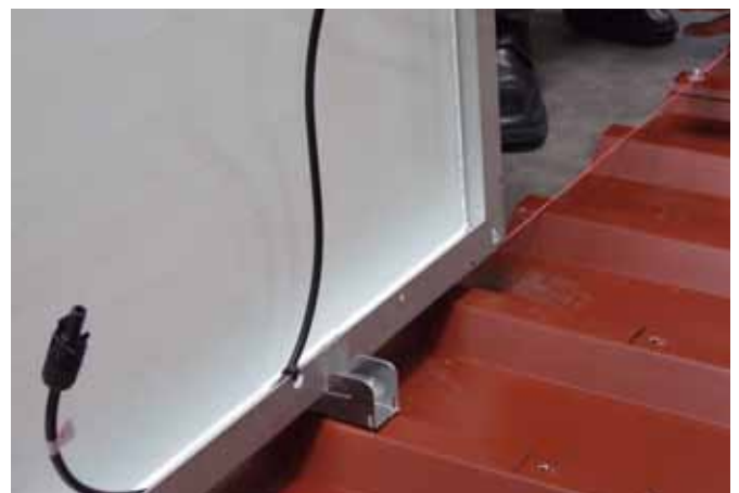
oder Kabel fixiert am Rahmen.
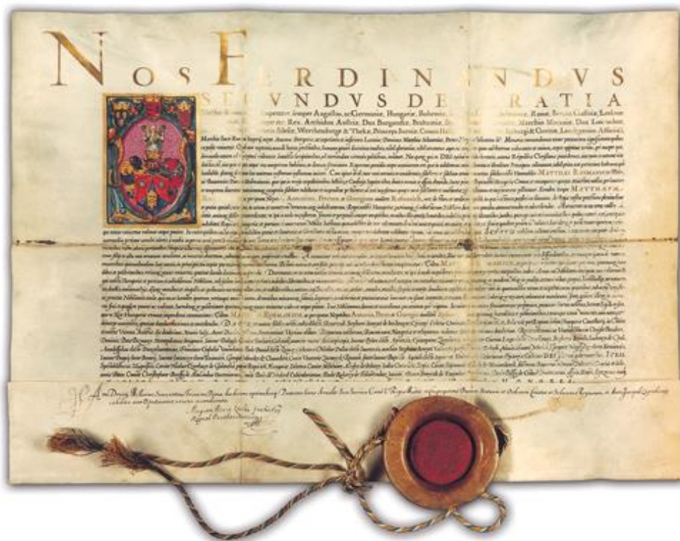
Slika 2. Grbovnica Rožmanić

Beć 1628, rukopis na pergamnetu oslikan videnim bojama, pečat u čašici i od voska pričvršćenim gajtanom, 1 list 47X67 cm, Pomorski i povijesni muzej Hrvatskog Primorja-KPO-PZ 26482, Zbirka Arhivalia, darovao Josip Rožmanić 1935
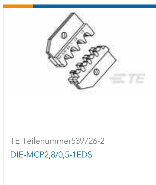
TE Teilenummer 539726-2 DIE-MCP2,8/0,5-1EDS
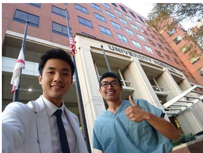
圖十：離院前與同伴在醫院前合照
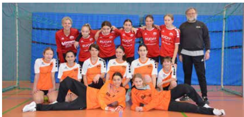
Beide Mannschaften der C-Mädchen
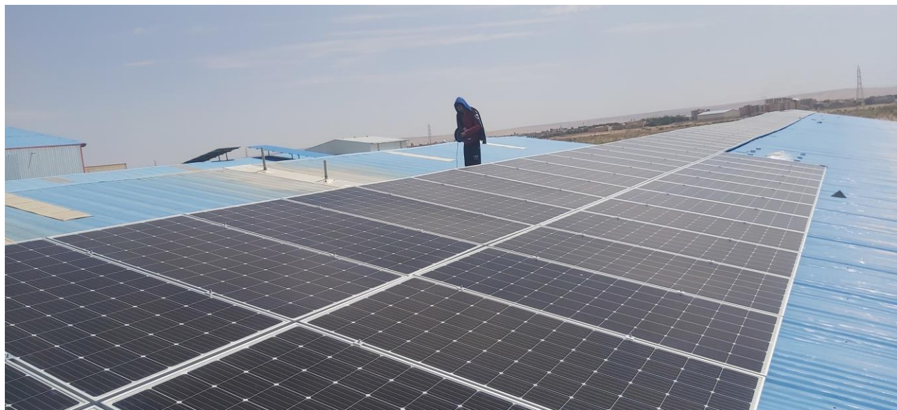
نمونه ای از اجرای نیروگاه روی سقف سوله های صنعتی
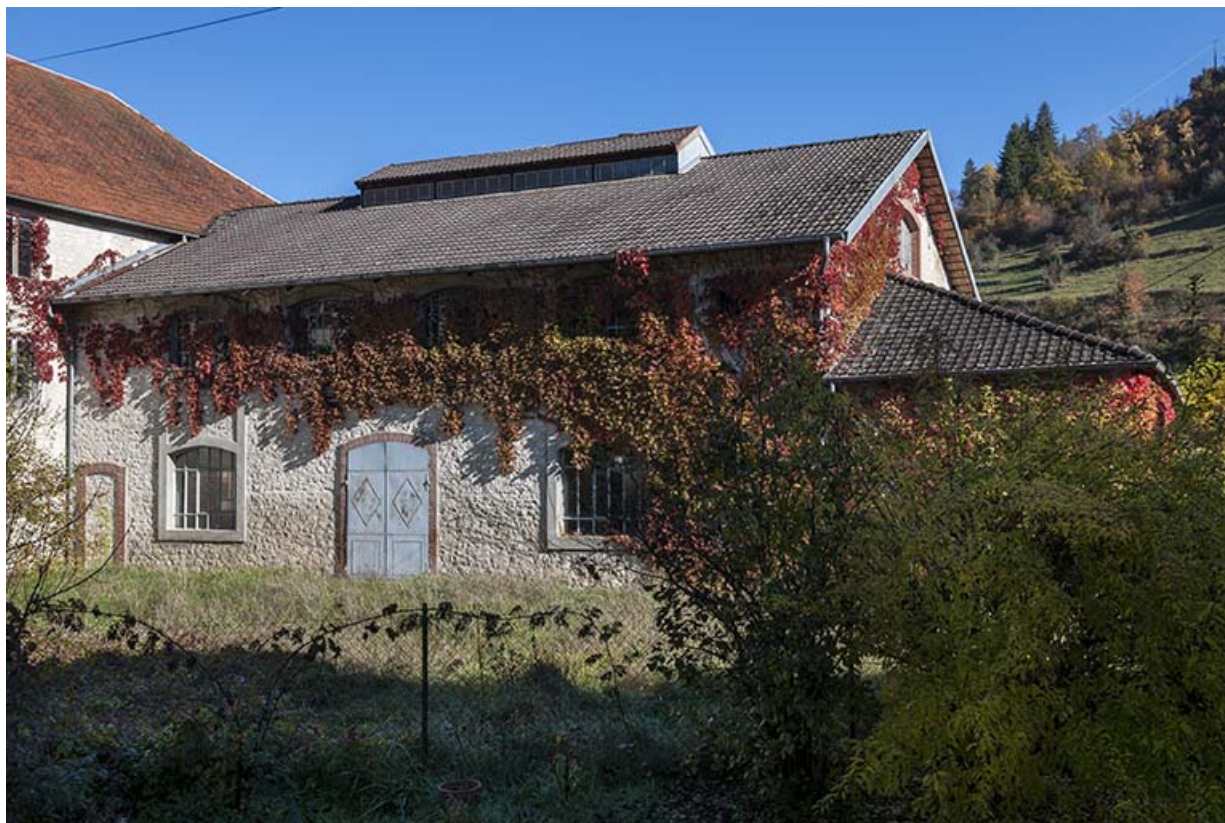
Bâtiment de la distillerie (salle des alambics ?). 25, Montgesoye rue du Moulin
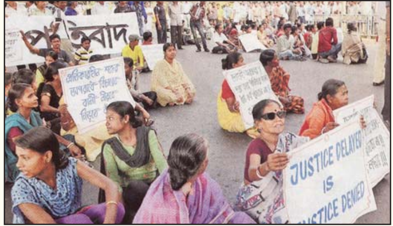
கெல்கத்தாவின் பூங்காதெரு பகுதியில் ஒரு பெண்ணை கும்பல் பாலியல் வல்லுறவுக்கு ஆளாக்கிய குற்றவாளிகள் மீது தாமதமின்றி விசாரணை நடத்தி தண்டிக்கக் கோரி பெண்கள் நடத்தும் ஆர்ப்பாட்டம்.

டெல்லியில் நடந்த வல்லுறவுக் கொலைக்குப் பின்னர் அமைக்கப்பட்ட வர்மாகமிசனின் பரிந்துரைகளை நீர்த்துப் போக வைத்துவிட்டு, ஒரு அவசரச் சட்டத்தை அரசு பிறப்பித்தது. வர்மாகமிசனின் அறிக்கையின் அடிப்படையில் ஒரு மசோதாவைத் தயாரித்து, அதை நாடாளுமன்றத்தில் விவாதித்துச் சட்டமாக்கி, பின்னர் அரசுத் தலைவரின் ஒப்புதலைப் பெற்று இச்சட்டத்தை அமலாக்க வேண்டுமென்பதால், இடைக்காலத்தில் குற்றவாளிகள் தப்பிவிடக்கூடாது என்பதற்காக இந்த அவசரச் சட்டத்தைக் கொண்டு வந்துள்ளதாக அரசு அறிவித்தது.

--

#### Work item
In the data above, find the line containing "Slika 2. Grbovnica Rožmanić" and the line containing "கெல்கத்தாவின் பூங்காதெரு பகுதியில்". Copy exactly the stretch from the first through the second, both included, leaving out any picture.

#### Result for this task
Slika 2. Grbovnica Rožmanić

Beć 1628, rukopis na pergamnetu oslikan videnim bojama, pečat u čašici i od voska pričvršćenim gajtanom, 1 list 47X67 cm, Pomorski i povijesni muzej Hrvatskog Primorja-KPO-PZ 26482, Zbirka Arhivalia, darovao Josip Rožmanić 1935
TE Teilenummer 539726-2 DIE-MCP2,8/0,5-1EDS
圖十：離院前與同伴在醫院前合照
Beide Mannschaften der C-Mädchen
نمونه ای از اجرای نیروگاه روی سقف سوله های صنعتی
Bâtiment de la distillerie (salle des alambics ?). 25, Montgesoye rue du Moulin
கெல்கத்தாவின் பூங்காதெரு பகுதியில் ஒரு பெண்ணை கும்பல் பாலியல் வல்லுறவுக்கு ஆளாக்கிய குற்றவாளிகள் மீது தாமதமின்றி விசாரணை நடத்தி தண்டிக்கக் கோரி பெண்கள் நடத்தும் ஆர்ப்பாட்டம்.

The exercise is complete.